WORK TO BE COMPLETED: Extract from the entries below, exactly as given, only the lines from the line containing "Готовая домашняя работа" to the line containing "The chief of", both lines included.

DATA RECORDS START

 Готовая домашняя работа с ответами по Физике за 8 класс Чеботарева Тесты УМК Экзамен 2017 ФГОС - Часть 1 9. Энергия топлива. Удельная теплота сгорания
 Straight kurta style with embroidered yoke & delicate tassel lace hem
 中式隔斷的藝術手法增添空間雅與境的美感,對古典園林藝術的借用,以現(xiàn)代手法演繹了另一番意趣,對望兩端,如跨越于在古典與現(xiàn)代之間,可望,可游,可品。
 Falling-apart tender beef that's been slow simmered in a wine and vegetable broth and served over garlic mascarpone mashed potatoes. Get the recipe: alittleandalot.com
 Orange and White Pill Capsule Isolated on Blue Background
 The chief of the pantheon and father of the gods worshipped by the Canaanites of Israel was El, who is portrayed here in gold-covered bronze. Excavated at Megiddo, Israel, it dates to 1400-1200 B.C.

DATA RECORDS END
DATA RECORDS START

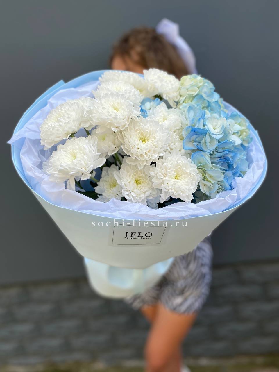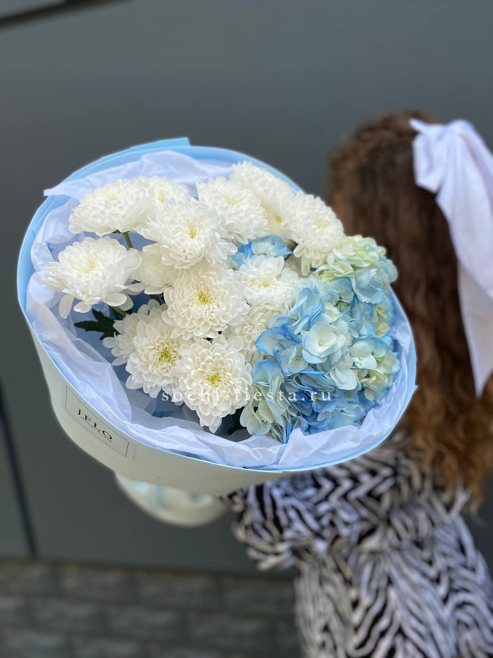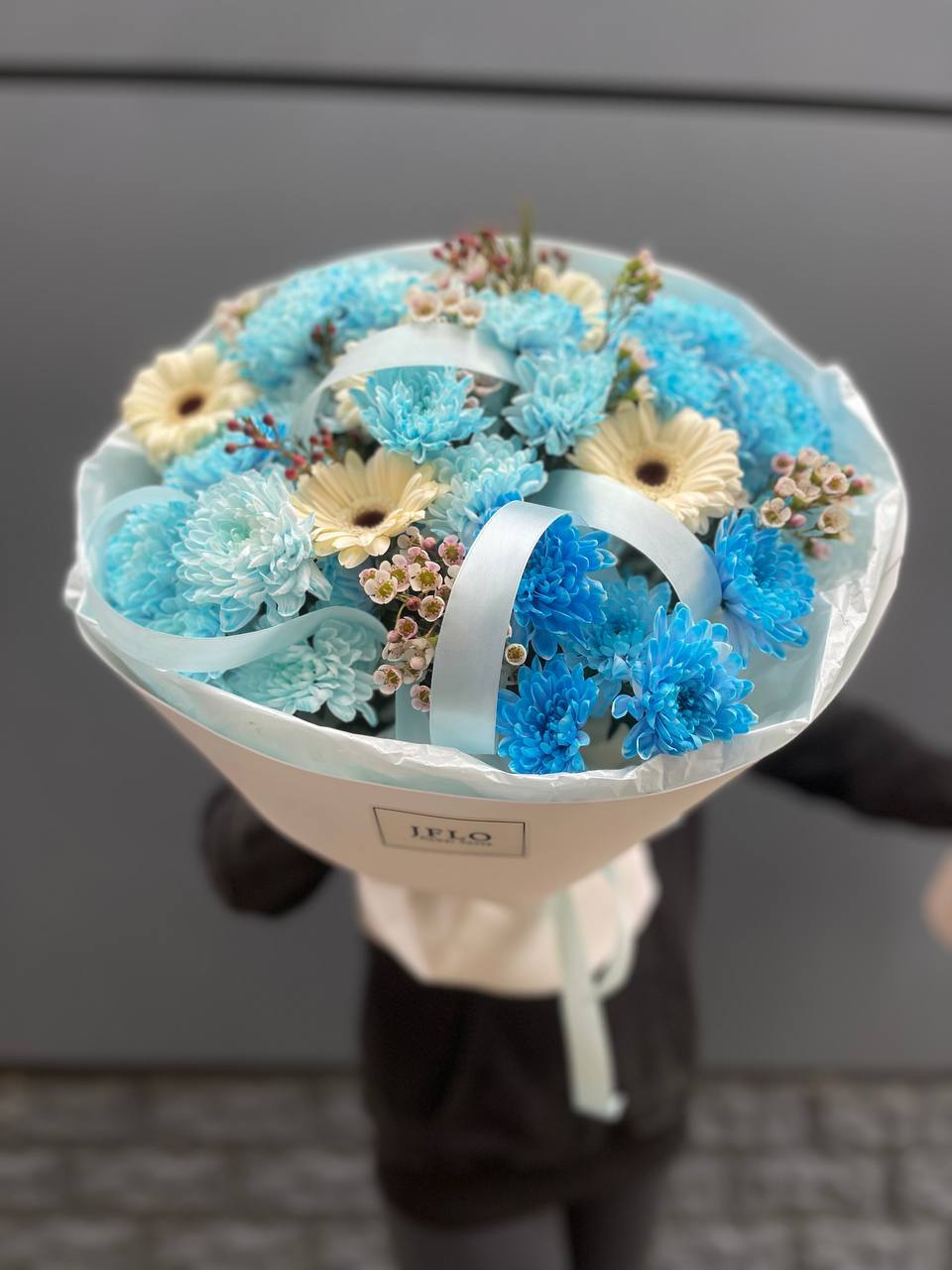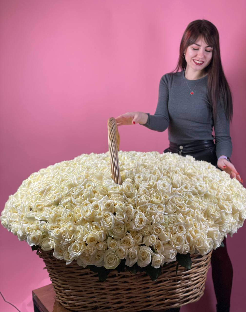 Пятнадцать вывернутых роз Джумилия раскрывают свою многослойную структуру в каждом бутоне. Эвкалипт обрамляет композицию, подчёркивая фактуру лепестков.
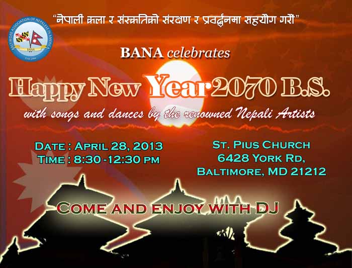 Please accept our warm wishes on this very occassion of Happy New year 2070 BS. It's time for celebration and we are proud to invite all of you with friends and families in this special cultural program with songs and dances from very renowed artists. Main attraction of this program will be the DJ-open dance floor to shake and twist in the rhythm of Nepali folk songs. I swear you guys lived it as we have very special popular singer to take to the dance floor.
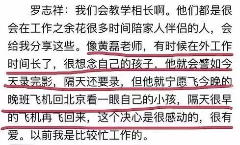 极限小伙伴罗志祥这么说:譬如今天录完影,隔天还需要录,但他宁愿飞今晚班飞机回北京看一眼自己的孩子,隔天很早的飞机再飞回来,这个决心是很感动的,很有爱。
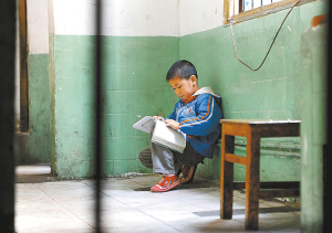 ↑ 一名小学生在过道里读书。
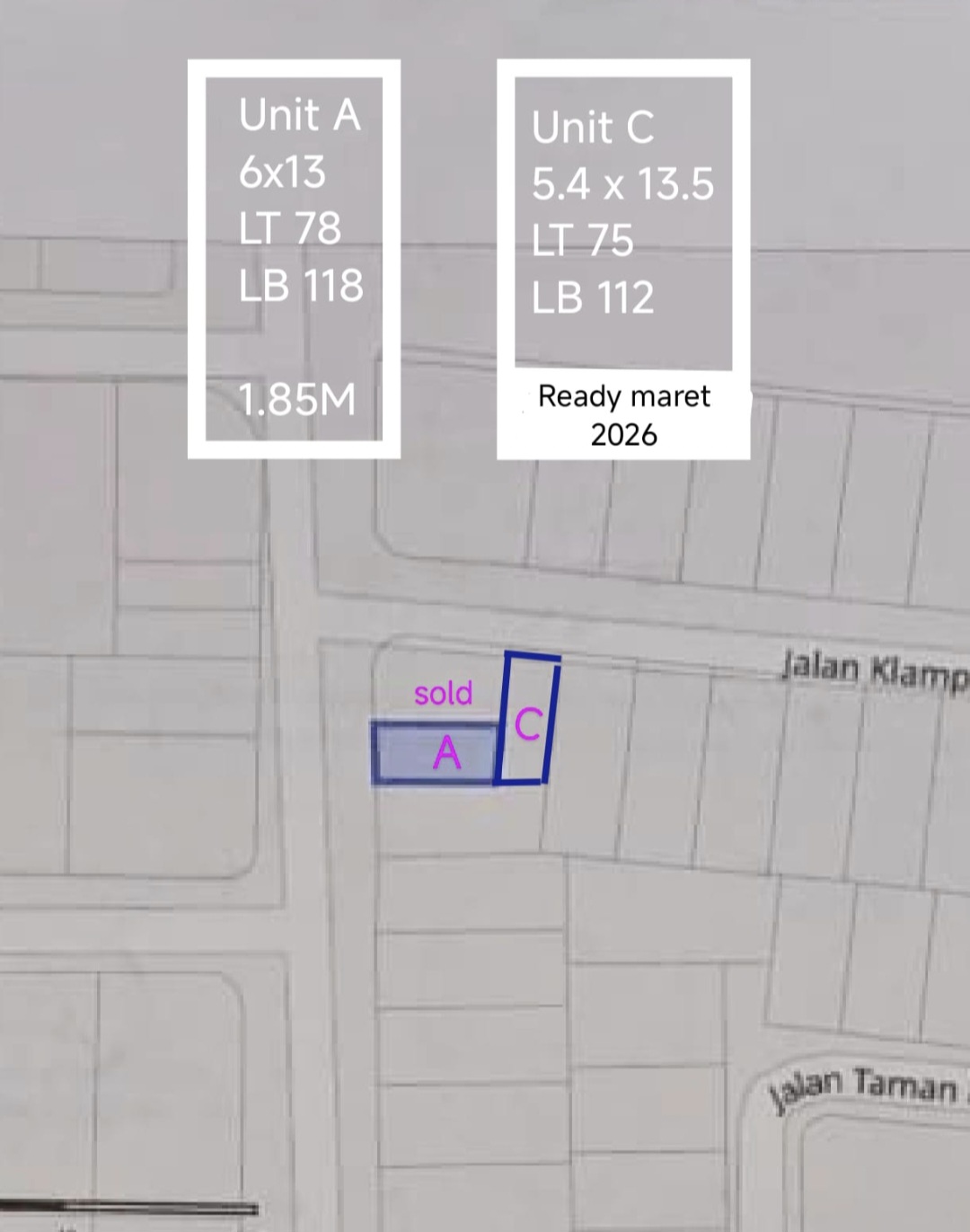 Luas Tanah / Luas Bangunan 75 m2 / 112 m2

DATA RECORDS END
DATA RECORDS START

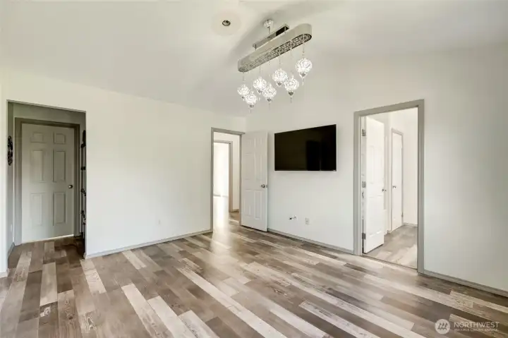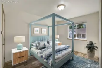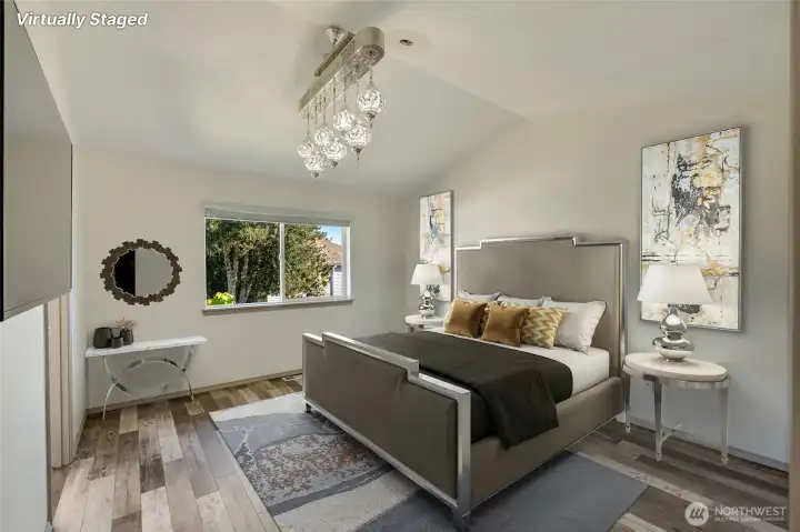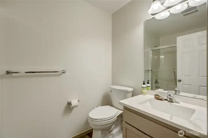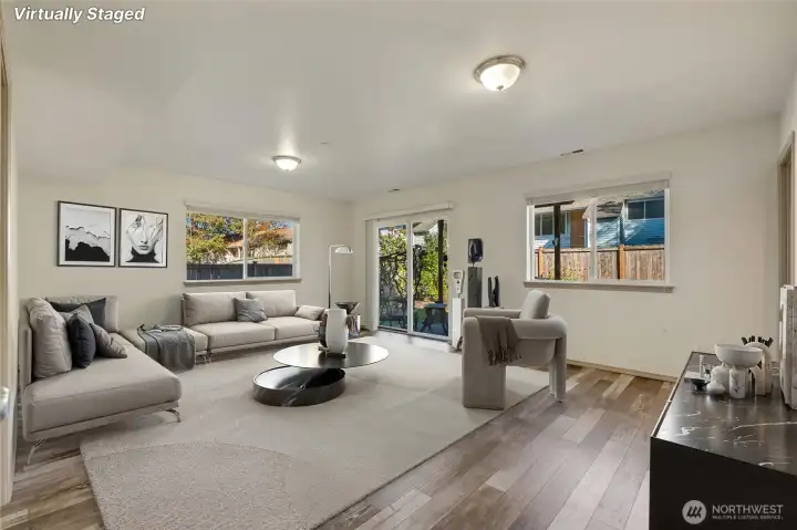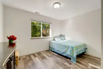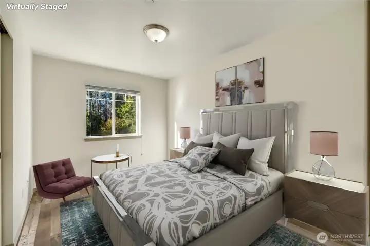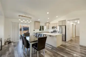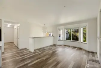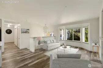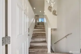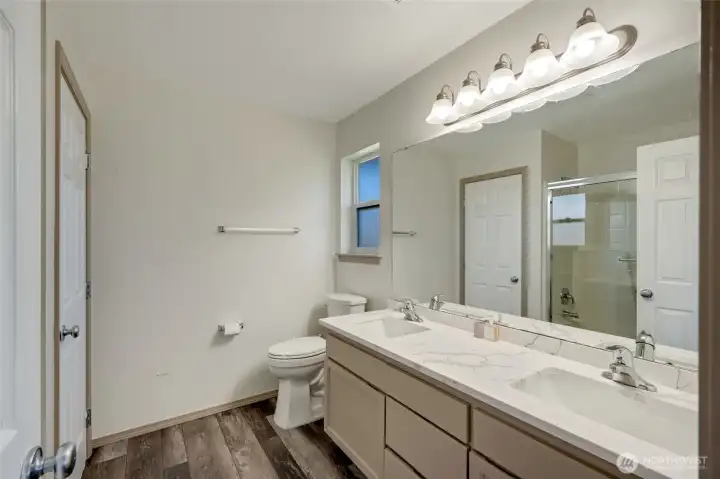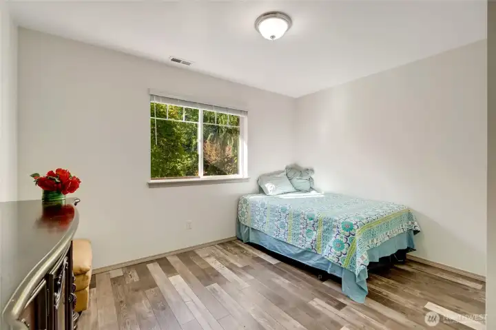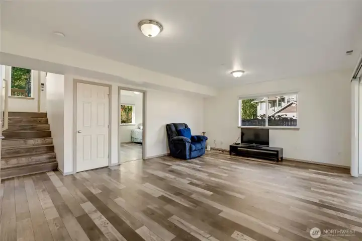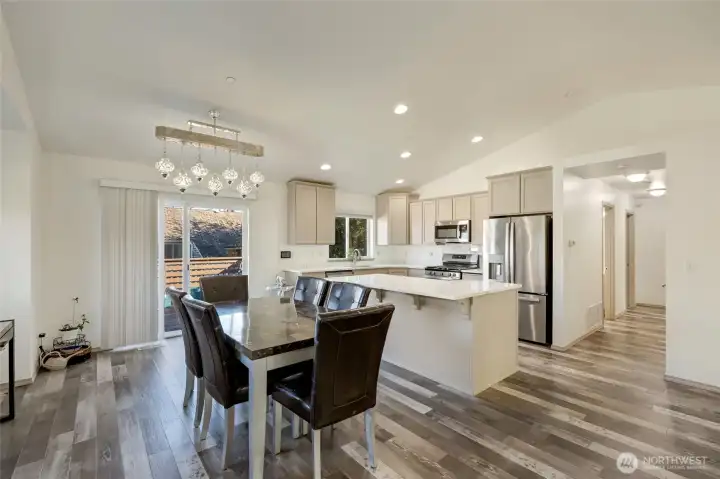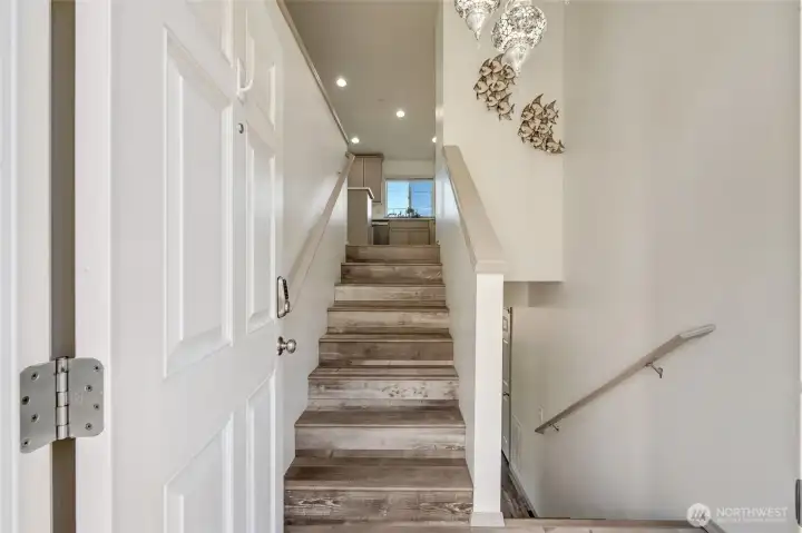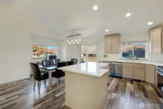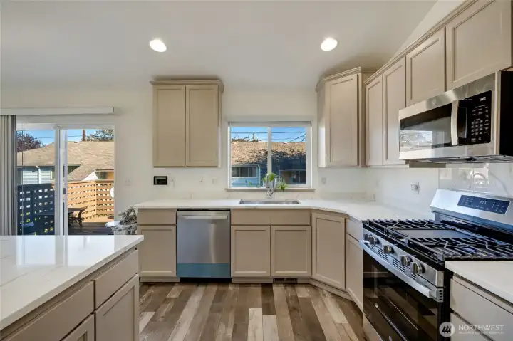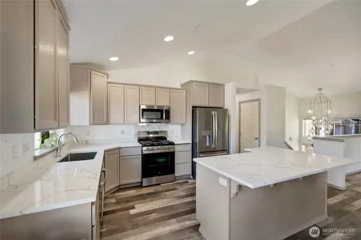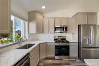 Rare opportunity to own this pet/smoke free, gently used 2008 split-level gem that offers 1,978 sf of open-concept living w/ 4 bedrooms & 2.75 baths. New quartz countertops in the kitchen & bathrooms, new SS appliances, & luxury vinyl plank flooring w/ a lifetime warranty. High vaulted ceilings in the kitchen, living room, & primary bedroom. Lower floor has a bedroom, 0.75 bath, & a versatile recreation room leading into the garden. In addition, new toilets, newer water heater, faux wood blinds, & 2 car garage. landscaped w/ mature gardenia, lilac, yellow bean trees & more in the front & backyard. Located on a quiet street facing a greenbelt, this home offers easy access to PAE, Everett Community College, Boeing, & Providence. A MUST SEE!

DATA RECORDS END

SOLVED EXERCISE:
 Готовая домашняя работа с ответами по Физике за 8 класс Чеботарева Тесты УМК Экзамен 2017 ФГОС - Часть 1 9. Энергия топлива. Удельная теплота сгорания
 Straight kurta style with embroidered yoke & delicate tassel lace hem
 中式隔斷的藝術手法增添空間雅與境的美感,對古典園林藝術的借用,以現(xiàn)代手法演繹了另一番意趣,對望兩端,如跨越于在古典與現(xiàn)代之間,可望,可游,可品。
 Falling-apart tender beef that's been slow simmered in a wine and vegetable broth and served over garlic mascarpone mashed potatoes. Get the recipe: alittleandalot.com
 Orange and White Pill Capsule Isolated on Blue Background
 The chief of the pantheon and father of the gods worshipped by the Canaanites of Israel was El, who is portrayed here in gold-covered bronze. Excavated at Megiddo, Israel, it dates to 1400-1200 B.C.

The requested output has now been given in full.